Basic P-code corresponding to raw disassembly (and explaining exactly what the particular
instructions do, so far as Ghidra knows from its Sleigh description of the CPU and ISA)
can be displayed by clicking on the "jenga" button and enabling the P-code field, as follows:

https://reverseengineering.stackexchange.com/questions/21297/can-ghidra-show-me-the-p-code-generated-for-an-instruction?noredirect=1

At the same time, P-code includes additional opcodes like MULTIEQUAL and USERDEFINED that
are inserted and used by advanced program analyses such as backward program path traversal
plugins (see below).

A good concise description of P-code can be found at
https://spinsel.dev/assets/2020-06-17-ghidra-brainfuck-processor-1/ghidra_docs/language_spec/html/pcoderef.html

Suggested exercise: Display, read, and understand P-code for BL, BX, ADD, LDRT, and other instructions. 

----------------------[ Program analysis with P-code ]----------------------

P-code is exposed to Ghidra scripts and plugins for automating analysis of binary programs.
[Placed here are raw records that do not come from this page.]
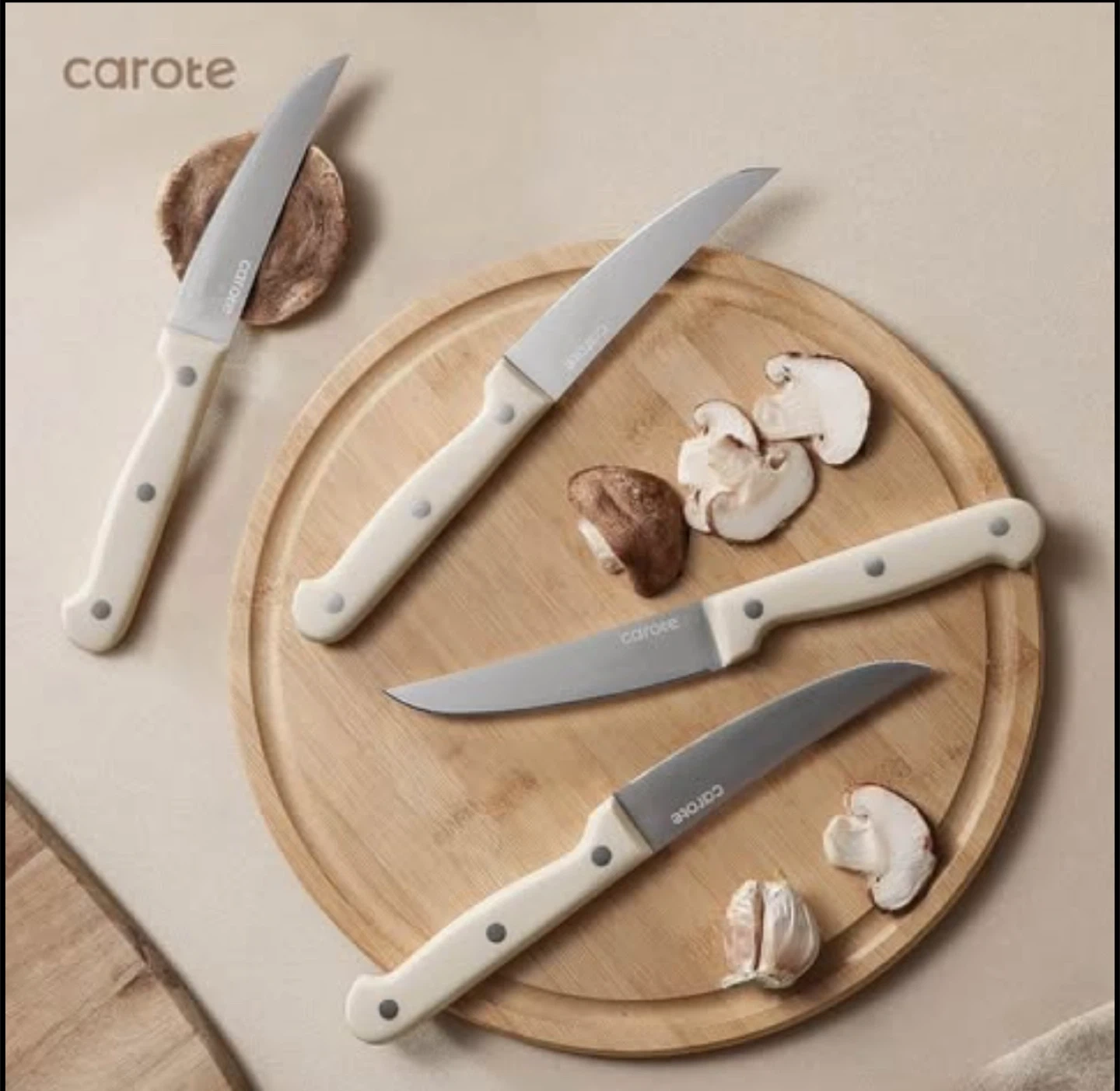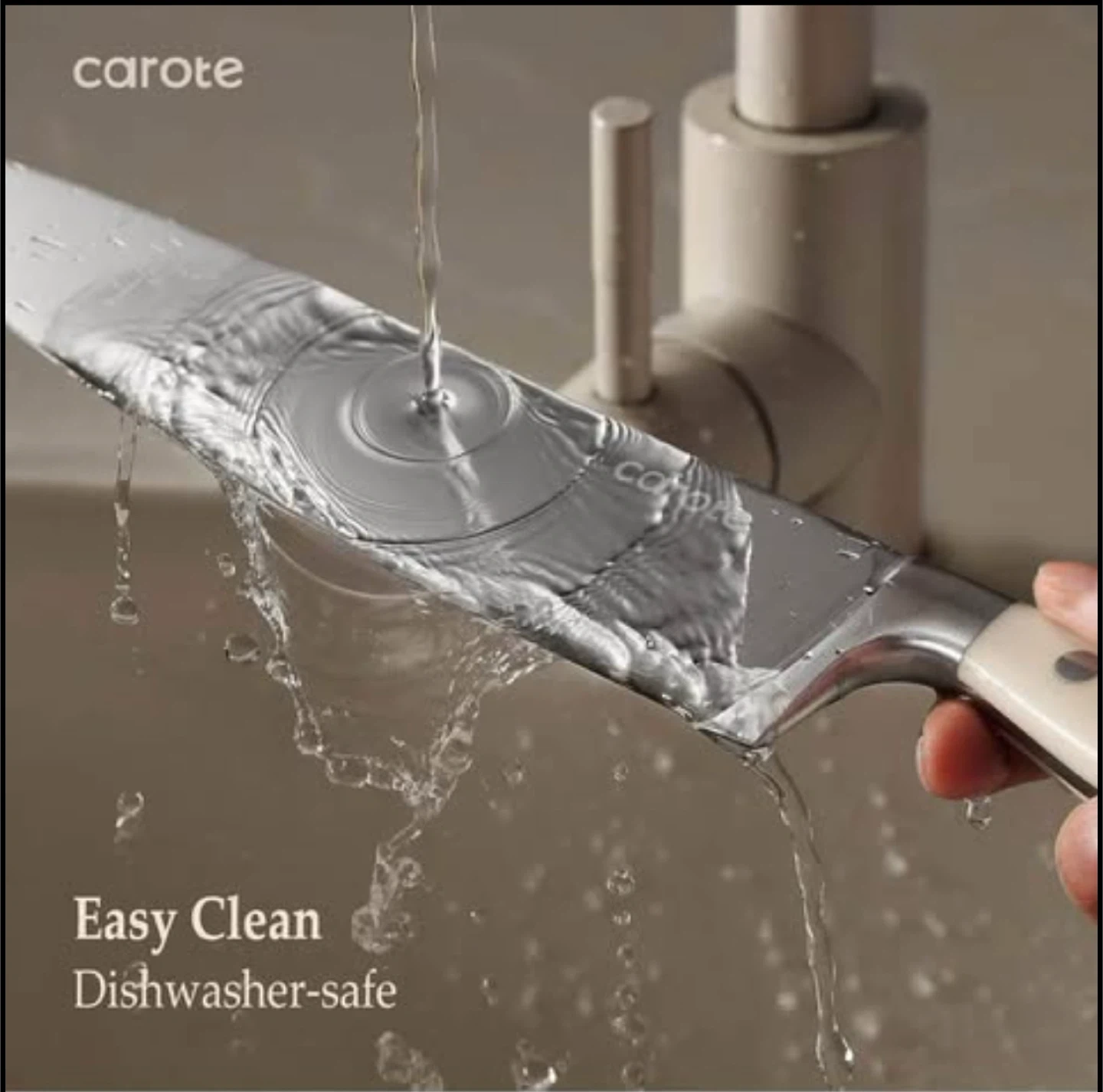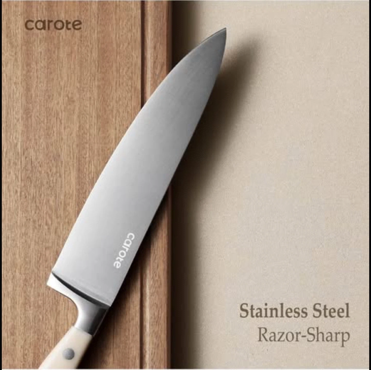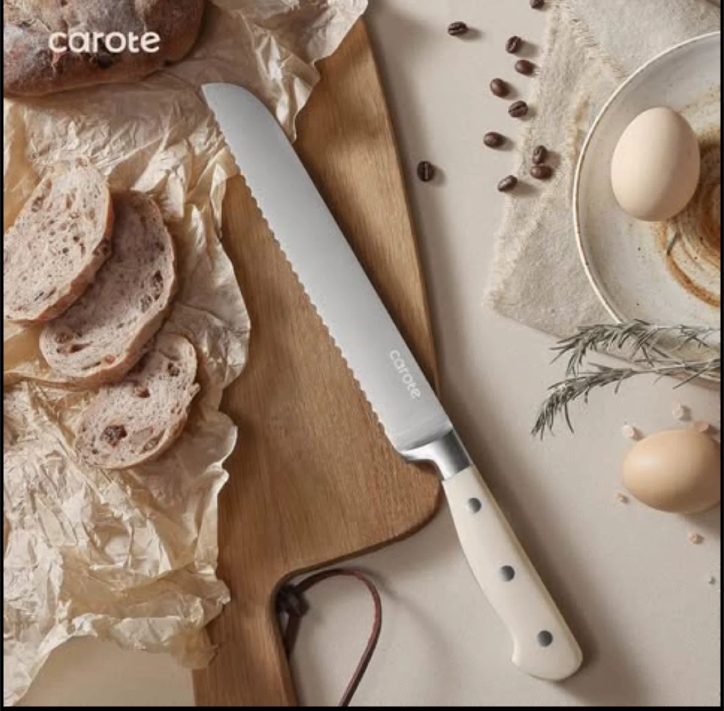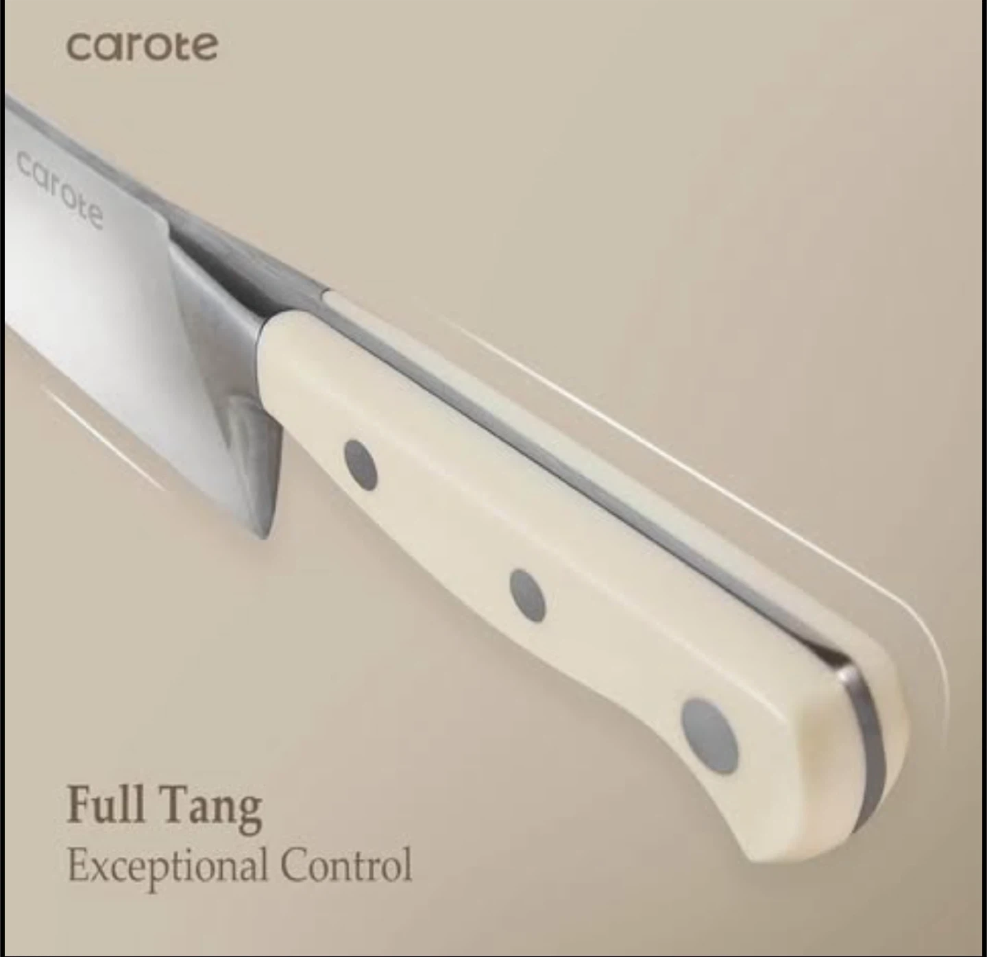 Looking to upgrade your kitchen knives? This Carote 14-piece knife set is perfect! It comes with a hardwood block for safe and stylish storage. The knives feature full tang construction for exceptional control and razor-sharp stainless steel blades. Included are an 8" chef knife, 8" bread knife, 4.5" serrated steak knives, 7" santoku knife, 5" utility knife, 3.5" paring knife, sharpening steel, and kitchen shears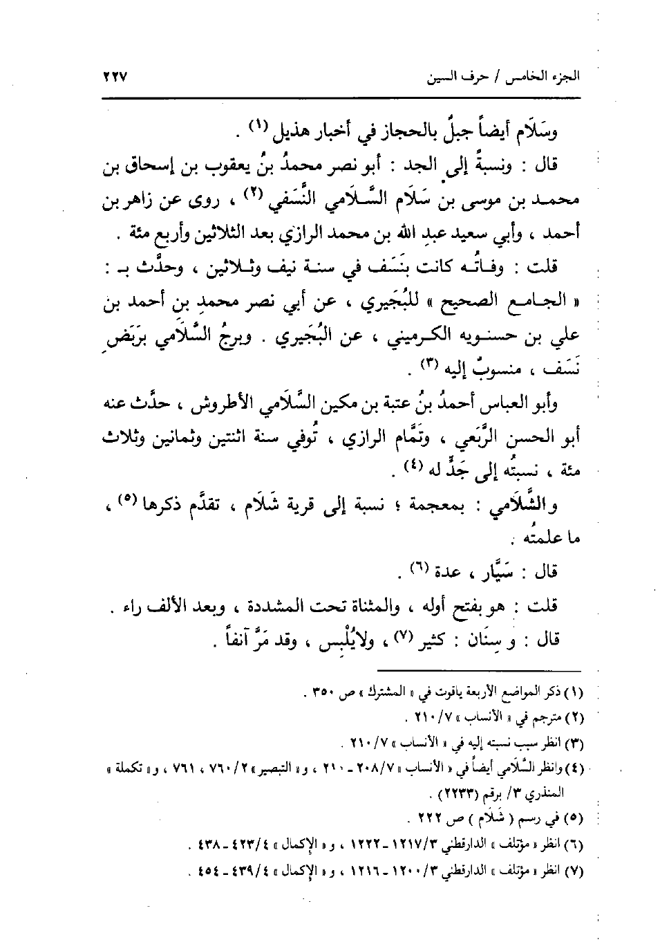 وَسَلام أَيْضا جبل بالحجاز فِي اخبار هُذَيْل قَالَ: وَنسبَة إِلَى الْجد: أَبُو نصر مُحَمَّد بن يَعْقُوب بن إِسْحَاق بن مُحَمَّد بن مُوسَى بن سَلام السلَامِي النَّسَفِيّ روى عَن زَاهِر بن أَحْمد وابي سعيد عبد الله بن مُحَمَّد الرَّازِيّ بعد الثَّلَاثِينَ وَأَرْبع مئة قلت: وَفَاته كَانَت بنسف فِي سنة نَيف وَثَلَاثِينَ وَحدث ب: قلت: وَفَاته كَانَت بنسف فِي سنة نَيف وَثَلَاثِينَ وَحدث ب الْجَامِع الصَّحِيح للبجيري عَن أبي نصر مُحَمَّد بن أَحْمد بن عَليّ بن حسنويه الكرميني عَن البجيري وبرج السلَامِي بربض نسف مَنْسُوب إِلَيْهِ وَأَبُو الْعَبَّاس أَحْمد بن عتبَة بن مكين السلَامِي الاطروش حدث عَنهُ أَبُو الْحسن الربعِي وَتَمام الرَّازِيّ توفّي سنة اثْنَتَيْنِ وَثَمَانِينَ وَثَلَاث مئة نسبته إِلَى جد لَهُ والشلامي: بِمُعْجَمَة نِسْبَة إِلَى قَرْيَة شلام تقدم ذكرهَا مَا عَلمته قَالَ: سيار عدَّة قلت: هُوَ بِفَتْح اوله والمثناة تَحت الْمُشَدّدَة وَبعد الْألف رَاء قَالَ: وَسنَان: كثير وَلَا يلبس وَقد مر آنِفا.
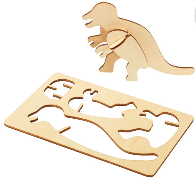 Чотири улюблені динозаври готові взяти вас у доісторичну пригоду! Вийміть деталі з фанерних пластин, прикрасьте їх фарбами, олівцями або фломастерами та зберіть, вирівнюючи прорізи — інструменти не потрібні. Пазли мають лише 4–7 частин на динозавра, тому їх легко і цікаво складати. Складені динозаври мають розміри в середньому 10 см x 3,8 см x 7,6 см і можуть самостійно стояти. Ідеально підходять для класних проектів або сімейних зустрічей, особисто або онлайн.

A very useful blogpost about using P-code for program analysis is
https://www.riverloopsecurity.com/blog/2019/05/pcode/
(accompanied by https://github.com/0xAlexei/INFILTRATE2019/blob/master/PCodeMallocDemo/MallocTrace.java)

(I mentioned it in class)

----------------------[ P-code is executable! ]----------------------

P-code is executable and can be run in an emulator. Executing P-code would be a good way
to check that the added instructions for the GBA example actually match the GBA
VisualGameBoy-m emulator's idea of what the recovered instructions actually do.

Some more information about P-code emulation:

https://medium.com/@cetfor/emulating-ghidras-pcode-why-how-dd736d22dfb

(Look at Emulate Program description in Ghidra Release notes:
https://htmlpreview.github.io/?https://github.com/NationalSecurityAgency/ghidra/blob/Ghidra_10.1.2_build/Ghidra/Configurations/Public_Release/src/global/docs/WhatsNew.html:

"""
"Pure Emulation

There's a new action Emulate Program (next to the Debug Program button) to launch the
current program in Ghidra's p-code emulator. This is not a new "connector." Rather, it
starts a blank trace with the current program mapped in. The user can then step using the
usual "Emulate Step" actions in the "Threads" window. In general, this is sufficient to
run simple experiments or step through local regions of code. To modify emulated machine
state, use the "Watches" window. At the moment, no other provider can modify emulated
machine state.

This is also very useful in combination with the "P-code Stepper" window (this plugin must
be added manually via File->Configure). A language developer can, for example, assemble an
instruction that needs testing, start emulating with the cursor at that instruction, and
then step individual p-code ops in the "P-code Stepper" window.
"""
)

------

We will continue with examples of Ghidra scripts and plugins.